The 21st Century Advisor - Powered by Tech and Assisted by Humans

The 21st Century Advisor - Powered by Tech and Assisted by Humans

Life, Death, and Taxes.

Unfortunately, there’s considerably more to it.

The landscape of wealth management has changed dramatically, and continues to do so. Advisors now have access to technology to solve for everything they need, whether it's through an all-in-one solution, or a multi-faceted solution with an open architecture nature.

As advisors gain more access to client data, they are able to provide more holistic service than ever before. The breadth and depth of financial planning has expanded, and with technology, all realms of an advisor's practice have evolved. A key development in fintech for advisors has been asset management.

The development of turnkey asset management platforms (TAMPs) originally offered advisors an opportunity to offload their portfolio construction to a third party, decreasing their workload. However, TAMPs, are just one example highlighting the need for a human element behind fintech.

Money management is so commoditized that clients have too many options. The more options clients have, the more questions they ask, the more things they want, and the harder it becomes to construct their ideal portfolio.

They’re all different and they all want something else. Meanwhile, advisors are supposed to be out there growing their practice and top line revenues.

It’s time to recognize it, understand it, and embrace it.

Advisors are paid on assets under management rather than portfolio construction. That’s why there should be a greater emphasis on the human element of the wholesale space.

Even if you drew-down the ever-expanding universe of investment solutions to those of one TAMP or third party manager, there would still be hundreds of solutions available. If a client asked for a number of constraints to be met, then theoretically, the unified managed account (UMA) capabilities would be never-ending.

What fintech is supposed to do is make an advisor's life easier, not harder.

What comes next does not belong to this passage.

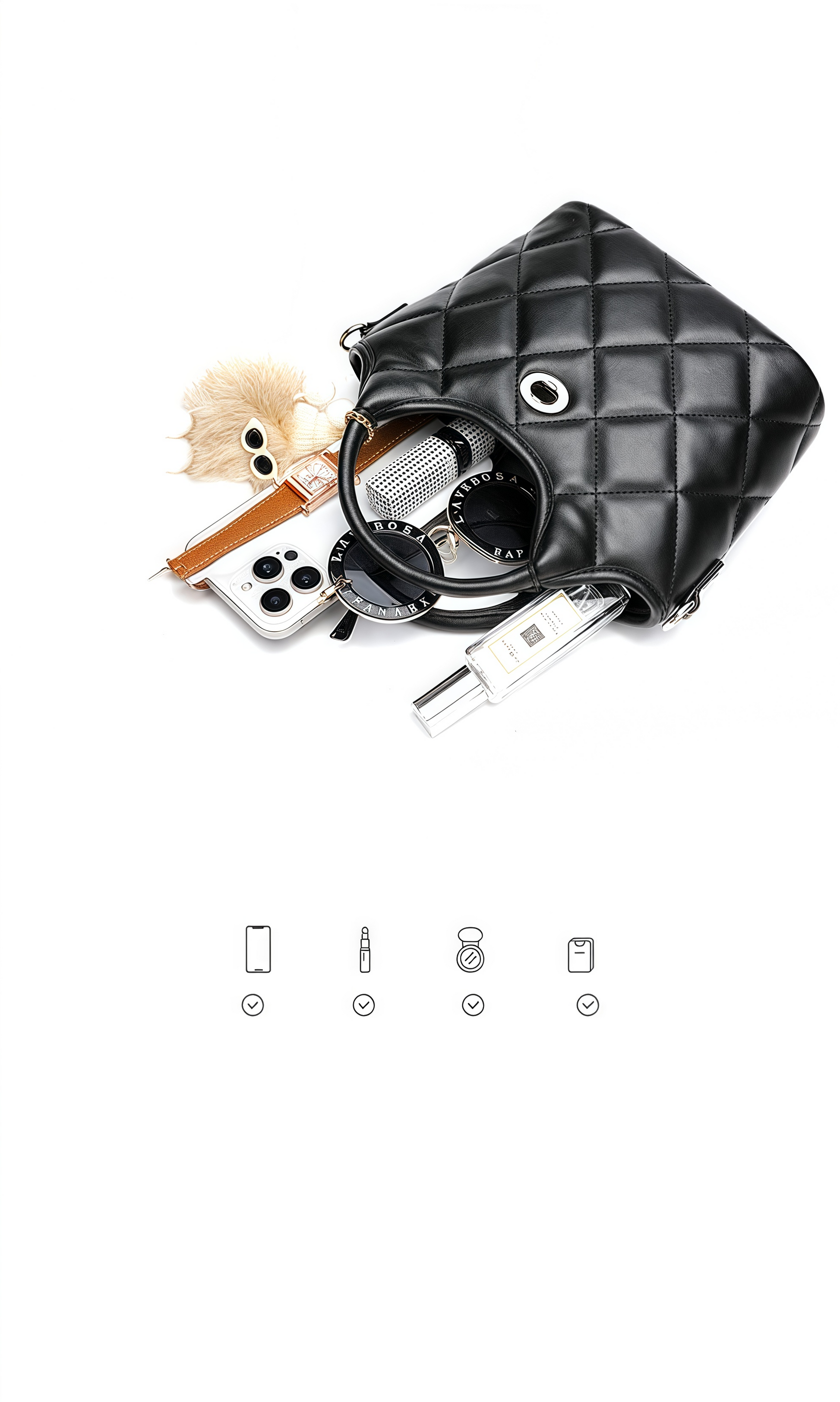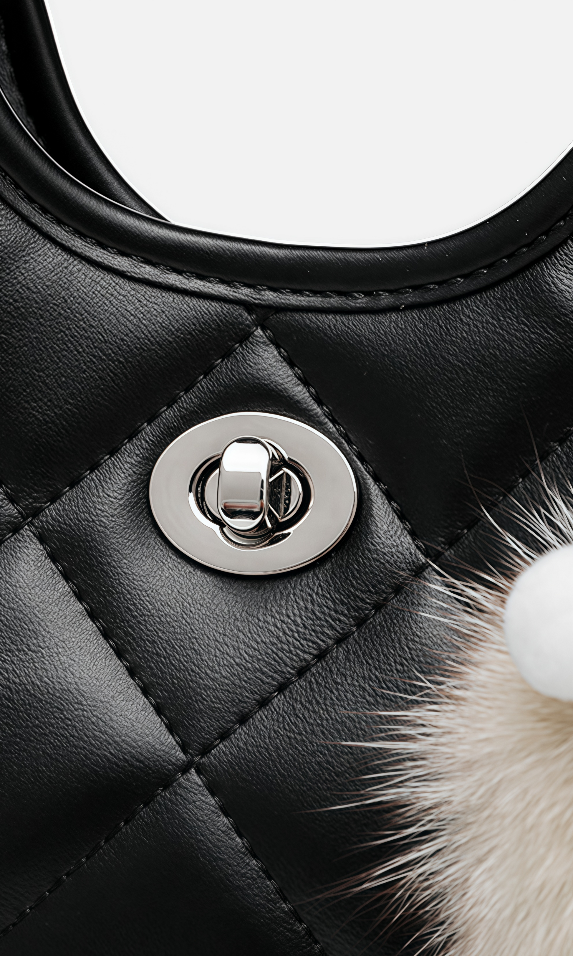 The Midnight Arc Tote is a refined expression of modern chic and timeless elegance. Defined by its rounded top opening and structured silhouette, this bag blends practicality with a touch of feminine sophistication. Crafted from smooth vegan leather with quilted detailing, its surface reveals a luxurious texture and visual depth. The detachable crossbody strap ensures versatile styling, while the polished hardware adds a note of understated refinement. Compact yet spacious, it is designed to harmonize elegance with everyday function—delicate yet enduring, timeless yet contemporary.

In some cases, it's just the same, but on a different screen.

Advisors just don’t have time to do it all.

In a day and age where, due to technology, advisors and end-clients have more access to solutions than ever before, it is the human element that remains a key differentiator.

In the example of investment management, the human element is paramount. Whether it’s a client chasing aggressive returns, another who is fee-sensitive, another with tax-sensitivity (or one with all three!), a TAMP isn’t always enough. In the event of a more complex client, a technology solution without a human element backing it adds little to no value at all.

  An ironic inefficiency.

An advisor’s practice is most efficient when they’re outsourcing services, specifically asset management, in this case. However, up until now, the outsourcing they’ve been able to do has been quite limited. More complex client cases have historically demanded a more “hands-on” than “hands-off” approach from advisors.

They haven’t been able to offload these tasks.

Unfortunately, as their access to TAMPs and other technologies have increased, the demands of the average client have only risen. This has meant that, rather ironically, less and less clients have remained happy with a standardized “set it and forget it” model, and begun to demand personalized, "family office"-like service.

Technology that does not solve for complex clients is not beneficial to advisors. That’s what the human element is solving for.

Whether clients are large, small, relatively simple or extremely sophisticated, a technological solution backed by skilled investment professionals will allow an advisor to fully outsource the task. In the example of investment management, no matter the complexity of the case or constraints of the client, a multi-strategy TAMP with a human behind it will provide a solution.

There’s always going to be more than life, death, and taxes, but advisors now have the ability to outsource services for even their most complex clients.

While TAMPs are just one example, with the human element backing technology, the world of a financial advisor is becoming more efficient than ever, despite the challenges that arise from adaptation.